Installing API Connect in an OpenShift environment is a Kubernetes installation with additional steps.

Before you begin

Before starting the installation into an OpenShift runtime environment, consider the following information:
  • During installation, OpenShift requires the ingress-type to be set to route for each subsystem, for example, apicup subsys set SUB_SYS ingress-type route.
  • If using an OpenShift registry, execute the oc new-project apiconnect command to create the apiconntect project prior to uploading the images using the apicup registry-upload command.
  • SSH access must be disabled for the Gateway. Note that it is disabled by default.
  • OpenShift routes do not redirect URLs for the api-manager-ui and cloud-admin-ui endpoints. To open the API Manager and Cloud Manager UIs in an OpenShift environment, the complete URLs for the API Manager and Cloud Manager UIs must be entered in the browser as follows:
    • API Manager user interface: https://api_manager_ui_endpoint/manager
    • Cloud Manager user interface: https://cloud_admin_ui_endpoint/admin
  • On OpenShift, the API Connect management subsystem sets resource requests but does not set resource limits. Limits are not specified so that pods can request the necessary resources.

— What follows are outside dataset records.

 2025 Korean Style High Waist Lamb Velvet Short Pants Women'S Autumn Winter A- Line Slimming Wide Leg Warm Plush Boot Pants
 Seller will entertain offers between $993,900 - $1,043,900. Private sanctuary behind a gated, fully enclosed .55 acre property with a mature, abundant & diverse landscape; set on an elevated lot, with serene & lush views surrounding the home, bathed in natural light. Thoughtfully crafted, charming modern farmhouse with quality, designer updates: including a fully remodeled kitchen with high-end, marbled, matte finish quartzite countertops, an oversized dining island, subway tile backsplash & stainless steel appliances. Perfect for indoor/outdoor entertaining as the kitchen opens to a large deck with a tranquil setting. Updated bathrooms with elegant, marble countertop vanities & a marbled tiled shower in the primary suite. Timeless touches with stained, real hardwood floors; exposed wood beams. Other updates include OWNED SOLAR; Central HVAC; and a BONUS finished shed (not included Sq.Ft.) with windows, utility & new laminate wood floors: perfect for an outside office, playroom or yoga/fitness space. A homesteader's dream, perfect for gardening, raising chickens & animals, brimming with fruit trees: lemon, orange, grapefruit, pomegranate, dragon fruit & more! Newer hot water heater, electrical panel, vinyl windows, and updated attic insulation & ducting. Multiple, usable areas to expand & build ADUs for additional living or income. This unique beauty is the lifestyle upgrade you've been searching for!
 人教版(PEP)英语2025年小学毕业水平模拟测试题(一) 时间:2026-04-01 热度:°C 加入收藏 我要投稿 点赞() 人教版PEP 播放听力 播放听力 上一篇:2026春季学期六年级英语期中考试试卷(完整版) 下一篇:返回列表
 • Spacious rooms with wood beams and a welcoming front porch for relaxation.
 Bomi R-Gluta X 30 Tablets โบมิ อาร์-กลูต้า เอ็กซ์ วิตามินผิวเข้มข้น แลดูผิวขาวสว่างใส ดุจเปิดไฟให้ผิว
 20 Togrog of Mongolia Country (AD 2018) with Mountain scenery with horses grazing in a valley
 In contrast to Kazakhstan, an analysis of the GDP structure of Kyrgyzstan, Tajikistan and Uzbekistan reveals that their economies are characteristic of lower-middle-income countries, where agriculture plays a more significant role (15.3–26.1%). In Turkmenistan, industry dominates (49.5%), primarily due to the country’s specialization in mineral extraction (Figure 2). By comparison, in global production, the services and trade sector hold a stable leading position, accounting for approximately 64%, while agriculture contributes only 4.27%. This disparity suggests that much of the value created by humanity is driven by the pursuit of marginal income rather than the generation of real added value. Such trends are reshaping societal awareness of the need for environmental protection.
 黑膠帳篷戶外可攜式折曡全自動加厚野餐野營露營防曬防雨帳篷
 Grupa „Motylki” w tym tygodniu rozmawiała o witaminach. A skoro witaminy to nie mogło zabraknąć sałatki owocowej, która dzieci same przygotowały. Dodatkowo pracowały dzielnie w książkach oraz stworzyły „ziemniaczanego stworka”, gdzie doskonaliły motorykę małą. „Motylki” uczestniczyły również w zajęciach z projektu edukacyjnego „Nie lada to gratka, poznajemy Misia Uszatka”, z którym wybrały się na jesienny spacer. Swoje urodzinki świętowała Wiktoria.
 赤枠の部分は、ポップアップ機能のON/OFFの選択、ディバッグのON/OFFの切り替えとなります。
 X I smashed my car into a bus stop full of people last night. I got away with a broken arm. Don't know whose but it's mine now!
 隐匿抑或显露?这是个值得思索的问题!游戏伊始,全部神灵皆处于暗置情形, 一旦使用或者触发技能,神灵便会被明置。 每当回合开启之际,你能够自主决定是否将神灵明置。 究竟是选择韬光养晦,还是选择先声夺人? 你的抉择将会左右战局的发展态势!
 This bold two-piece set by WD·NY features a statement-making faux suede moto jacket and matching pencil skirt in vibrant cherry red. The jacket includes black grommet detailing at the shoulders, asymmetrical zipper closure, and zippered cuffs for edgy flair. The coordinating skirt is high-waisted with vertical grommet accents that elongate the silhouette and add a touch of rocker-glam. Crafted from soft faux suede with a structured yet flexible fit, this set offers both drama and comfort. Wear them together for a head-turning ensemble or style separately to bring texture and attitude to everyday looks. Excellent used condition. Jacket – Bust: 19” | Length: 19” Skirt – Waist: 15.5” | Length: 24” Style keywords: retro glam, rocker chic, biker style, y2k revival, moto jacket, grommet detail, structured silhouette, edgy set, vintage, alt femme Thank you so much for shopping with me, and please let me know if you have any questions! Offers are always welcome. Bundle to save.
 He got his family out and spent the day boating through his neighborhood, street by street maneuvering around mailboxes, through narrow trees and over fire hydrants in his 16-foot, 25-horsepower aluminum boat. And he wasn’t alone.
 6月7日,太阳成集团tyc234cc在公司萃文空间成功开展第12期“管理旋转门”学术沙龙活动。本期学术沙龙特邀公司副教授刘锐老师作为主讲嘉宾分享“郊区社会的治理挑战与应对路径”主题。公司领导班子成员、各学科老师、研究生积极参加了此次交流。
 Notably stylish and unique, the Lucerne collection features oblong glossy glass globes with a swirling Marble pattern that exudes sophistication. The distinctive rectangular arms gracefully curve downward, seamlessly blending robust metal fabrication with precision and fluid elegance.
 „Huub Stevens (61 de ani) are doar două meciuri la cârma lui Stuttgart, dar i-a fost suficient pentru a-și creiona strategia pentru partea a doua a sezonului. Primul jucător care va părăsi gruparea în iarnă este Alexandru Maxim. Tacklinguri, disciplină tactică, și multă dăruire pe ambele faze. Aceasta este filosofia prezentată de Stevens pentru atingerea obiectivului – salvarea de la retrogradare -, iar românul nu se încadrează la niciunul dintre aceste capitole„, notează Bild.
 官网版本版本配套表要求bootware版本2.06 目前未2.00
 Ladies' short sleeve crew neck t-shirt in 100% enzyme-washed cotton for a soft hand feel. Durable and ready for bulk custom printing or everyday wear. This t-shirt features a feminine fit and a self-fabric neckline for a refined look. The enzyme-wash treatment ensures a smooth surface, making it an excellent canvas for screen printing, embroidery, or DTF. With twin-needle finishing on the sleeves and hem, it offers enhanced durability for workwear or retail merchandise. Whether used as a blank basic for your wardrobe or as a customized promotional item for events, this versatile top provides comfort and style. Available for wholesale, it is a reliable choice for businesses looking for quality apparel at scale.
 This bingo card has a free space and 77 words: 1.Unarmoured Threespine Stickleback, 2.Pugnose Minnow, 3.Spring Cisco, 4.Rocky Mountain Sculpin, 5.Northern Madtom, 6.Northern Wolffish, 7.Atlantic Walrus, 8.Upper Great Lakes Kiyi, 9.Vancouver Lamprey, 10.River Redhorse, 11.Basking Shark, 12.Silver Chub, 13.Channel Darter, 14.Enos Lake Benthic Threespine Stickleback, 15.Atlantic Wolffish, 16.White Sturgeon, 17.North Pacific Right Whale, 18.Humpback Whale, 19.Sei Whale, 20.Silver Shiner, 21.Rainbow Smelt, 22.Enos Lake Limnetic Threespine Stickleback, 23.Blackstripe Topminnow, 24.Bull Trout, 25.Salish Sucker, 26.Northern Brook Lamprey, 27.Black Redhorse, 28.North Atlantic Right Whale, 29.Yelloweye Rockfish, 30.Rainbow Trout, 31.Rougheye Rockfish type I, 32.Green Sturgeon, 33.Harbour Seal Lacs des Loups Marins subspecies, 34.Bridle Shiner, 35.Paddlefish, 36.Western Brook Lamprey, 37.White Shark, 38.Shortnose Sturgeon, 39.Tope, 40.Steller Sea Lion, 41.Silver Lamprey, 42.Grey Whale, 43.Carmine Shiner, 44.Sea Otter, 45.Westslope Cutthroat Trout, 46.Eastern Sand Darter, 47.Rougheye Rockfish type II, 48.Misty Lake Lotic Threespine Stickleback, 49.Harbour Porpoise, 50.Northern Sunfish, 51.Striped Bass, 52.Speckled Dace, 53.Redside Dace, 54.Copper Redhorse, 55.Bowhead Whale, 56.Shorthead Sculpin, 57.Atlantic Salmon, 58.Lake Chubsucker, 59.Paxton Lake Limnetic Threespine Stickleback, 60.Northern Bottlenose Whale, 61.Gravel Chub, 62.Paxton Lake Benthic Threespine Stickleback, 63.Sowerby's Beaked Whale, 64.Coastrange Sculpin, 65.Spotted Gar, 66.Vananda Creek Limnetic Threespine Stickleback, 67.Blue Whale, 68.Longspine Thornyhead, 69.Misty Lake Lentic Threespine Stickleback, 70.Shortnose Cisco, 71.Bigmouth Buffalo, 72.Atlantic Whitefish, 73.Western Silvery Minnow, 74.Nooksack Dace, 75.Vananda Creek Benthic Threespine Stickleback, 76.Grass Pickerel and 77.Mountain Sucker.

If you choose to modify OpenShift to set resource limits, such as for CPU or memory, you must set the same value in the API Connect extra values YAML file. Ensure that the values in the YAML file match the values you set in OpenShift.
    Note: Setting of resource requests and limits on OpenShift is not supported for the API Connect Analytics subsystem.

Procedure

  1. Create namespaces or a namespace for API Connect. You can create separate namespaces for each subsystem, or place all subsystems in a single namespace.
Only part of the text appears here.